Hm, it could be that /home/dag on the client has a different owner then /home/dag on the server. The username dag is not the deciding factor here. The useriid (UID) is.
It is a pity that you seem not to be able to answer more then once every 24 hours. That does not speed up the discussion
As you see from your listing the groupname users has in one system the GID 1000 and in the other one 100. Which means that they are in fact different groups. That is something that will hamper cross system ownership/permissions. The usage of NFS assumes a rather tight connection between the systems involved, special in the aspect of user/group administration. That is the reason why, in bigger shops (many systems, users, groups) a centralized user/group administration system like NIS is preferred.
In your case (two or maybe three systems) doing this without things like NIS is not to difficult, but it must be done. Thus my advice is to synchronize this. Users and groups that are supposed to represent the same human (or logical) users and their grouping should have the same UID resp. GID (and preferable the same, unique over all systems, username/groupname to avoid confuson).
Changing a GID (e.g. from 100 to 1000) is however something that should be planed and executed carefully.
Apart from this, I have another check that you can do: see if the mount is not read-only on the client:
I will check in to see yout reply and respond quickly:)
dag@AONE:~$ mount | grep nfs
192.168.1.6:/home/dag/Public on /home/dag/public@opensuse type nfs4 (rw,relatime,vers=4.0,rsize=8192,wsize=8192,namlen=255,hard,proto=tcp,port=0,timeo=600,retrans=2,sec=sys,clientaddr=192.168.1.5,local_lock=none,addr=192.168.1.6)
192.168.1.6:/home/dag/Downloads on /home/dag/nedlastinger@opensuse type nfs4 (rw,relatime,vers=4.0,rsize=8192,wsize=8192,namlen=255,hard,proto=tcp,port=0,timeo=600,retrans=2,sec=sys,clientaddr=192.168.1.5,local_lock=none,addr=192.168.1.6)
Can you see anything in here which tells that the folders are read only?
I asked for cd /home/dag/public@opensuse (an absolute path), you did cd public@opensuse, a relative path that may or may not end up on the same place;
I asked for four (4) statements in a sequence, I only see three (3), where is the ls -l?
I asked for touch somefile, you made it touch tread, why?
I looks as if tread already exists, but I can not check because of the missing output from ls -l.
This gives me some uncertaincies :(, but when tread already exists, the errorr message is rather clear, but I can not explain it because the mount output shows otherwise.

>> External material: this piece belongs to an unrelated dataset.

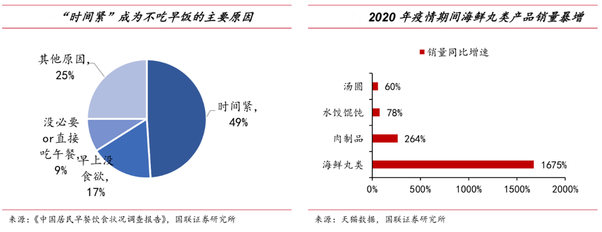 經典案例:根據《中國居民早餐飲食狀況調查報告》、天貓數據、國聯證券研究所等綜合資訊表明,由于外出行動限制,家庭用餐頻率高增,速凍食品銷售量大幅增加。根據天貓平臺統計數據顯示,2020年春節期間,速凍食品 銷售額普漲,其中海鮮丸類銷量同比增長 1675%,速凍肉制品也增長 264%。
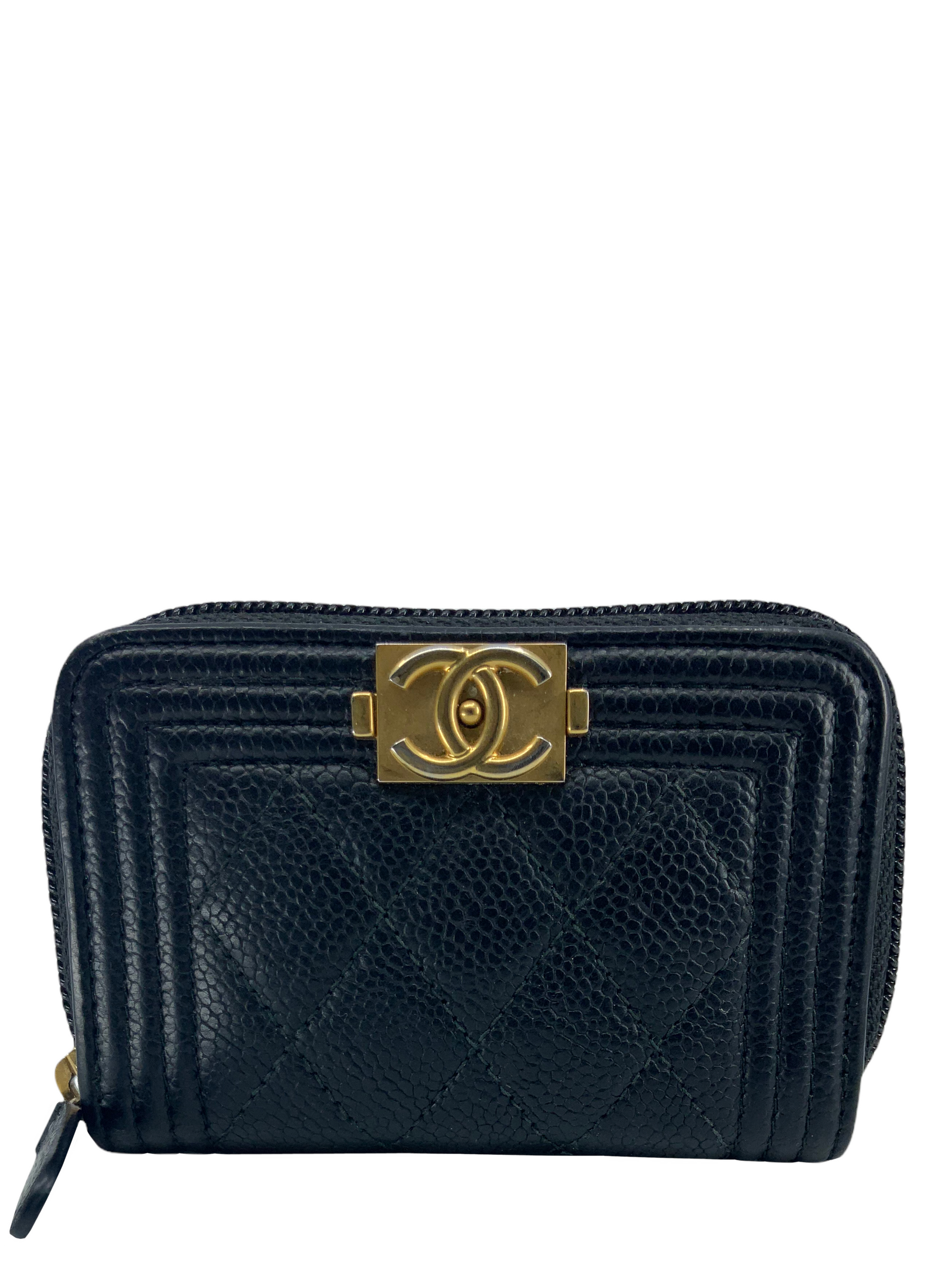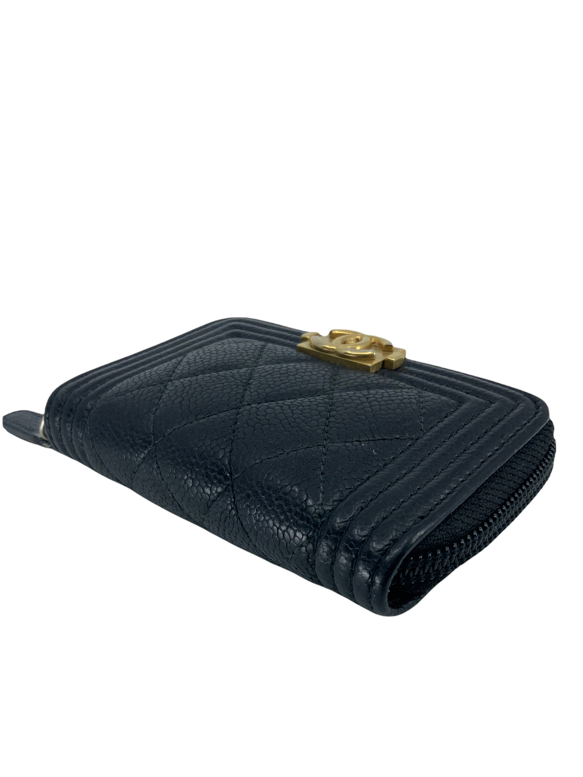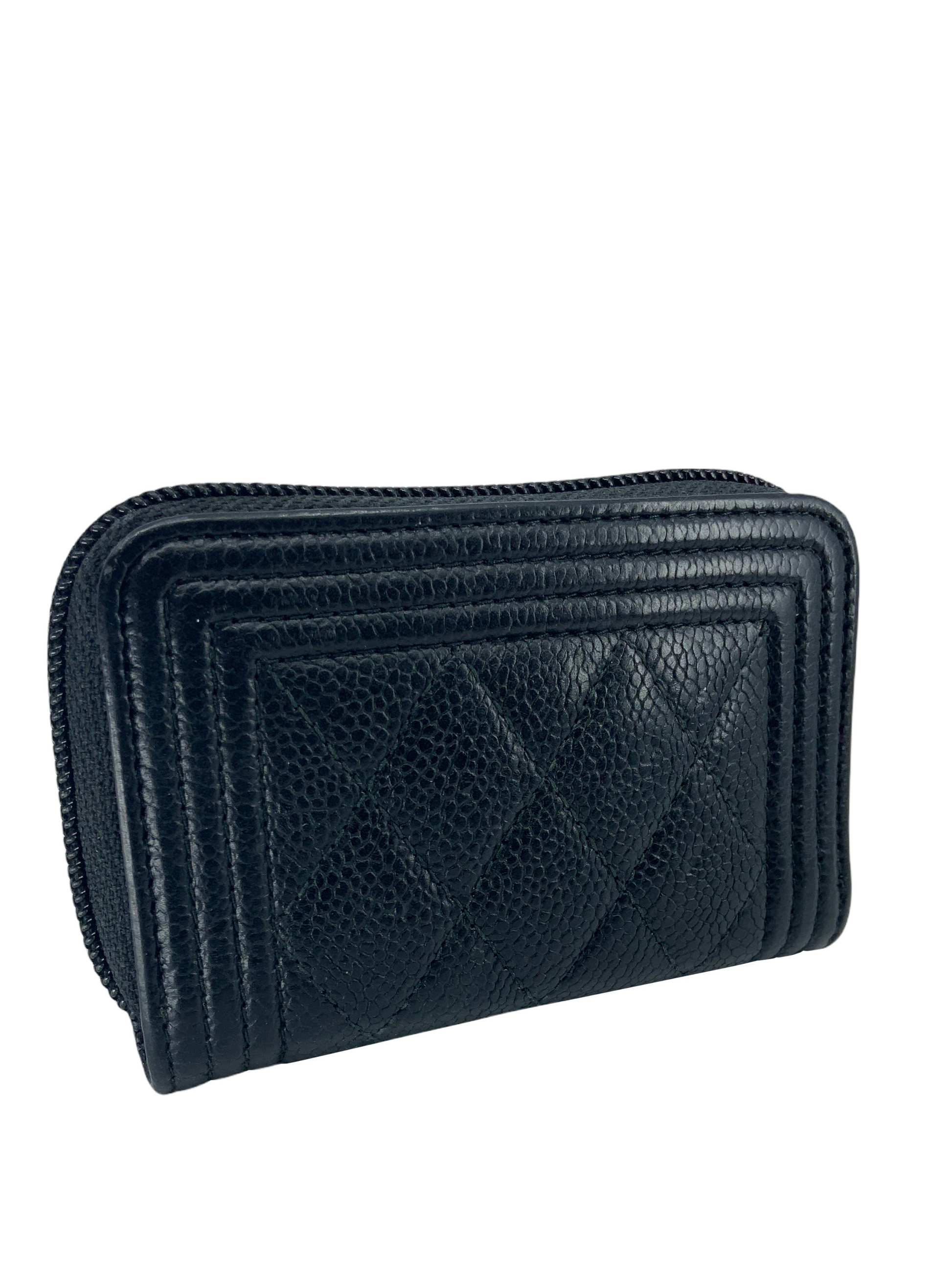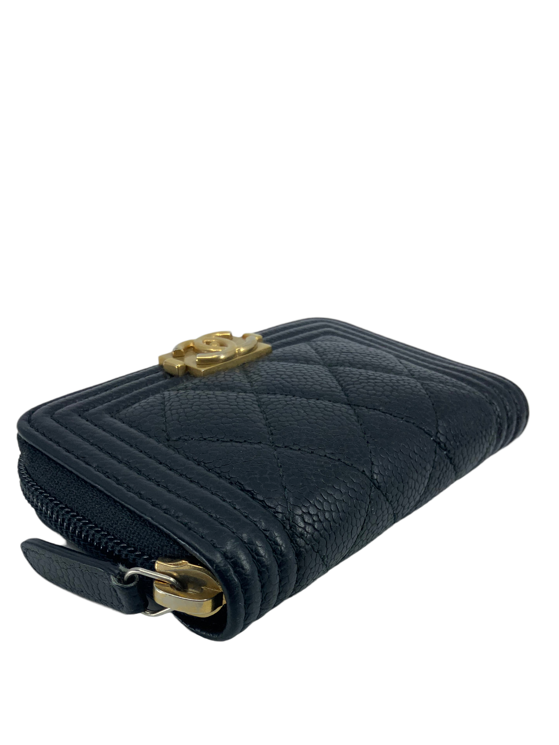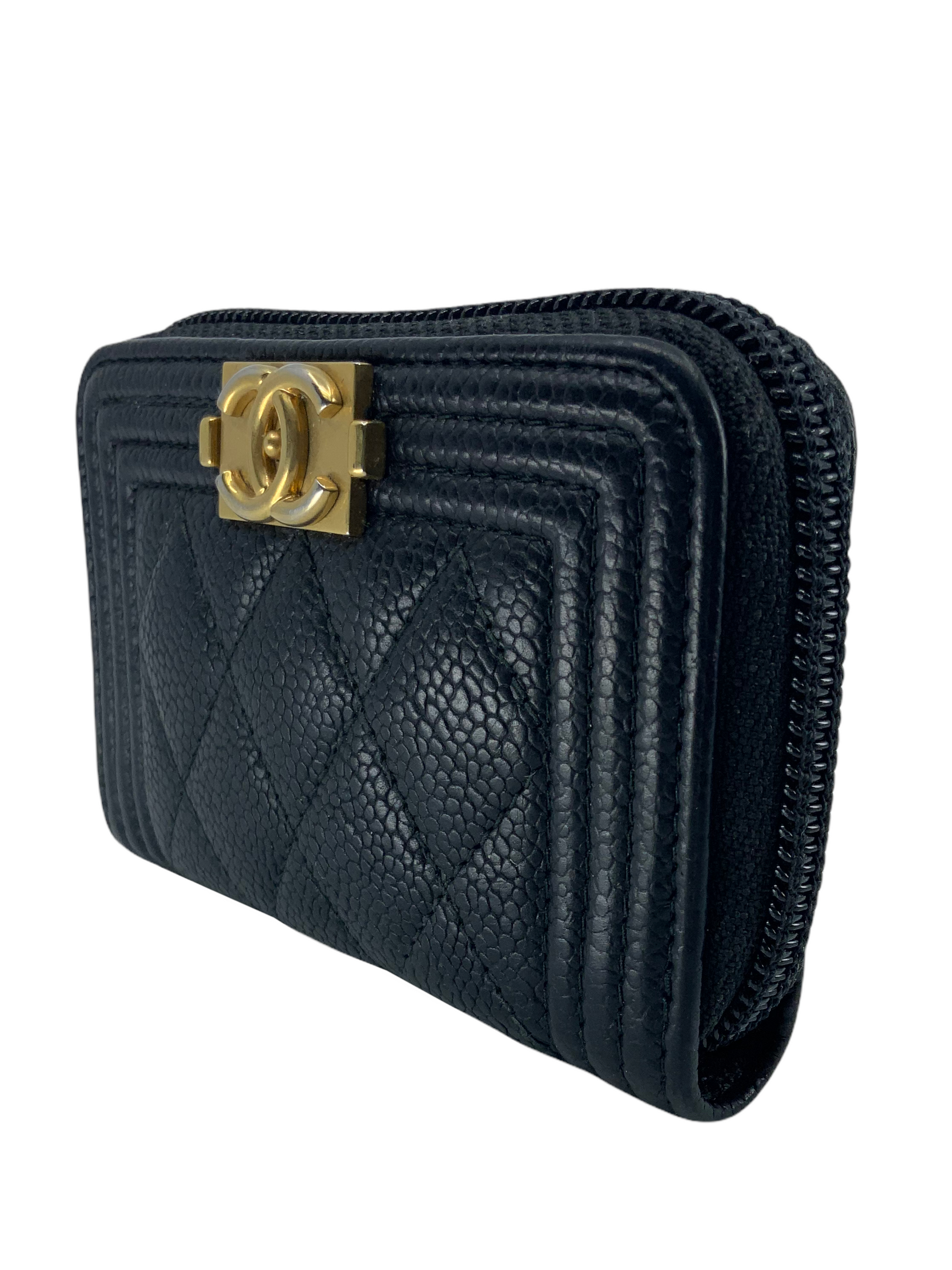 We the ity of this CHANEL Caviar Quilted Boy Zip Around Coin Purse Wallet crafted in diamond quilted black?leather. Featuring a?signature gold-tone 'CC' logo plate? and a zip-around closure that opens to triple?card slots compartments.

Another point of failure here came to my mind. On the server the file system that contains /home/dag/Public may itself be read-only. Not likely, but it is easy to check. Is that /home on the server?
dag@AONE:~$ cd /home/dag/public@opensuse/
dag@AONE:~/public@opensuse$ ls -l
total 4
drwxrwxrwx 5 dag users 63 mai 15 11:56 serier
-rw-r--r-- 1 dag users 51 juni 13 10:55 tread
dag@AONE:~/public@opensuse$ touch tread
'touch: cannot touch ‘tread’: Read-only file system
dag@AONE:~/public@opensuse$ ls -l tread
-rw-r--r-- 1 dag users 51 juni 13 10:55 tread
I chose tread because I just made this file and copied (on the server) to the folder. I did not make any big thinking before I chose that file.
What do you mean by “Is that /home on the server?”
1-2 Thanks.
3. I did not give you any choice, I asked for
touch somefile
not for
touch tread
No need to re-do that now, but please in the future either do what people ask you (they have thought over it), or explain why you are not able or willing to do that (you are free to do that, after that it is your system and your reponsibility). But pease do not deviate without saying anything, that is frustrating for the helpers.
The error says: read-only file system. As we know that on the client the NFS mounted file system is not read-only (but rw), I thought about the file system on the server.
On the server you are exporting /home/dag/Downloads. That directory is of course inside a fiile system. Which file system? Most probably it is in the file system mounted as /home on the server. But that is only an assumption. Only you know (or can find out) if it is the file sysem on / (most unprobable), /home (very probable) or if /home/dag is a file system on it’s own (possible) or even that /home/dag/Downloads is a file sysem of it’s own (also possible). When you have no idea, on the server:
mount | grep home
will give you the needed information.
It will btw also tell us if the file system we are looking for is mounted read-only or not.
==================
I am going to re-read this whole thread (after alll we are now in it for three days already, easy to forget information that was given three days ago). I have the idea that I am missing something (those GIDs of 1000 vs. 100 do confuse me).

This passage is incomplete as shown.